→ **TASK TO CARRY OUT**
Nothing but the lines from the one with "当晚,看着雨越下越大,洪水逐" through the end of the material should be retyped, word for word and without pictures.

→ **DATA EXTRACT**
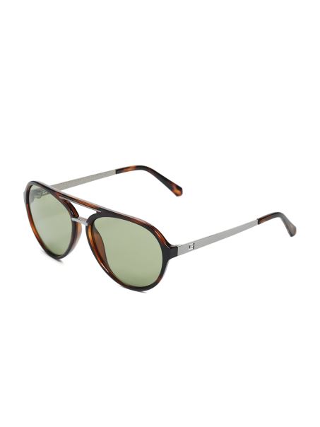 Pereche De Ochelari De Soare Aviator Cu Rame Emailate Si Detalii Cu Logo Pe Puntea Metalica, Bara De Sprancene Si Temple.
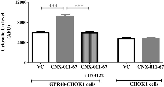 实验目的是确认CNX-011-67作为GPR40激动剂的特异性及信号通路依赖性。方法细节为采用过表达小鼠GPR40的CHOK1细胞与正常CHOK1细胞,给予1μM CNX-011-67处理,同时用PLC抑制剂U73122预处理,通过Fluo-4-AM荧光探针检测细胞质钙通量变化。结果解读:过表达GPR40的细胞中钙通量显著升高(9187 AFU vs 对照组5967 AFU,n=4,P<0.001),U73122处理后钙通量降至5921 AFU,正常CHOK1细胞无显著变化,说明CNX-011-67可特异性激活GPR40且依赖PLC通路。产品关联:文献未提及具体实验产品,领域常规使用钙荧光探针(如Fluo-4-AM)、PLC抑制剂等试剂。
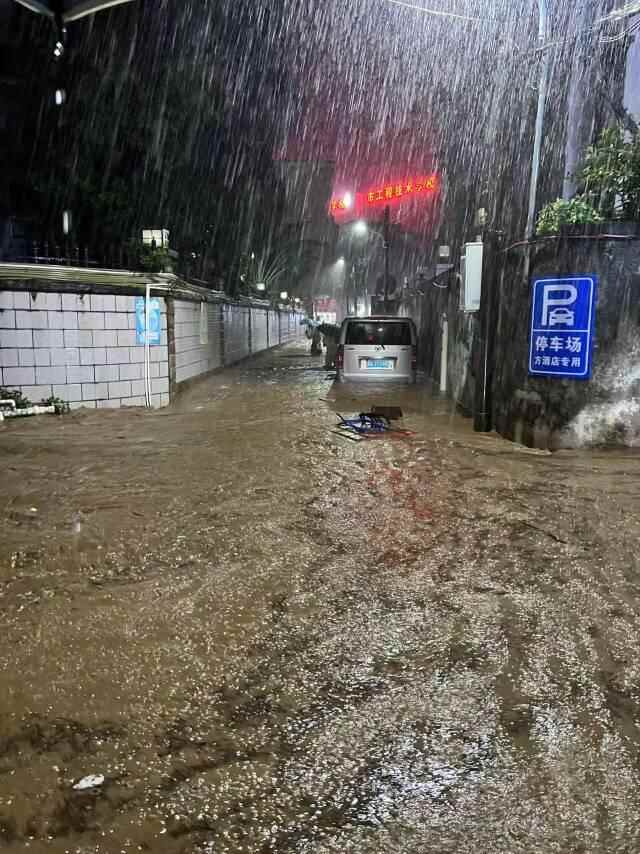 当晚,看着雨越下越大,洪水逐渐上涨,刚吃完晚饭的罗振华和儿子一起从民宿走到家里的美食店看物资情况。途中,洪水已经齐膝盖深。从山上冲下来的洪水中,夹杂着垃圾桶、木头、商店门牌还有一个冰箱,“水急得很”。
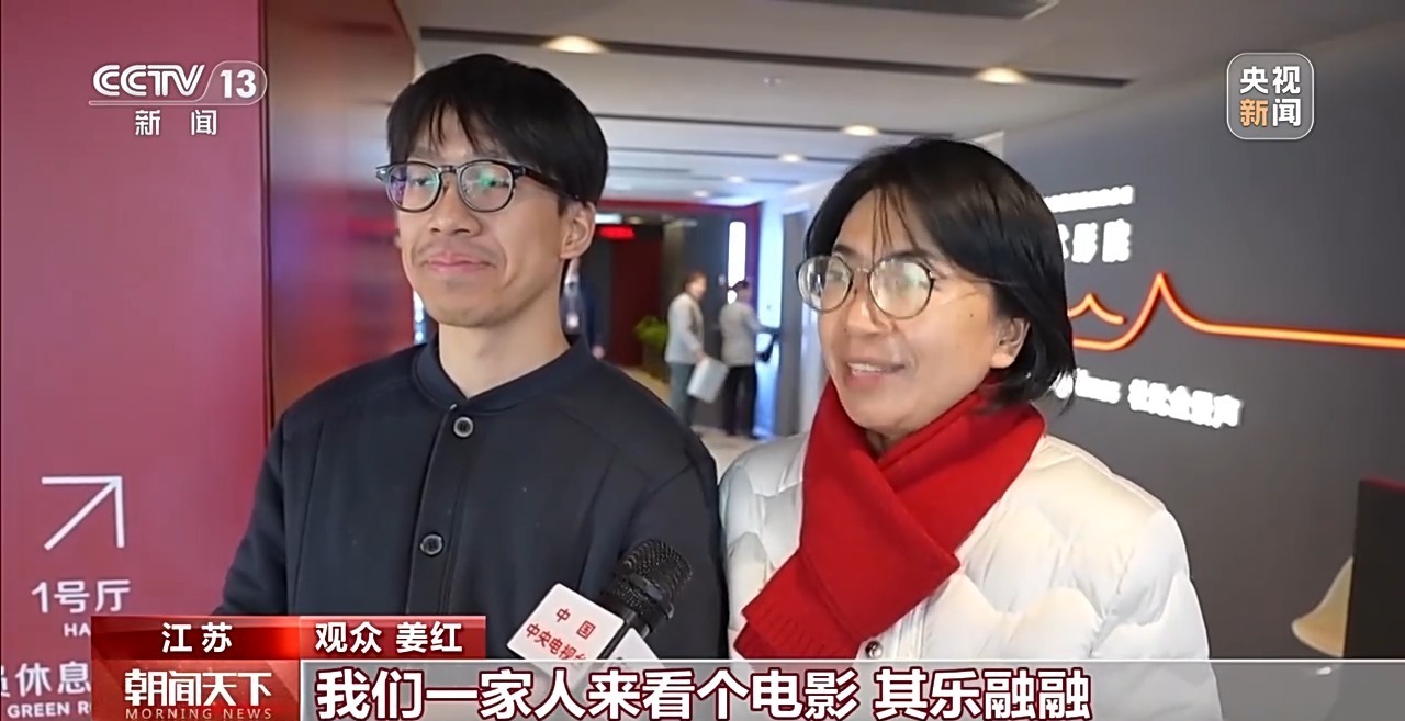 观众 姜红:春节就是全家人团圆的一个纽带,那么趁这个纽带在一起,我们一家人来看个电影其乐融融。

→ **ANSWER TO THIS PROBLEM**
 当晚,看着雨越下越大,洪水逐渐上涨,刚吃完晚饭的罗振华和儿子一起从民宿走到家里的美食店看物资情况。途中,洪水已经齐膝盖深。从山上冲下来的洪水中,夹杂着垃圾桶、木头、商店门牌还有一个冰箱,“水急得很”。
 观众 姜红:春节就是全家人团圆的一个纽带,那么趁这个纽带在一起,我们一家人来看个电影其乐融融。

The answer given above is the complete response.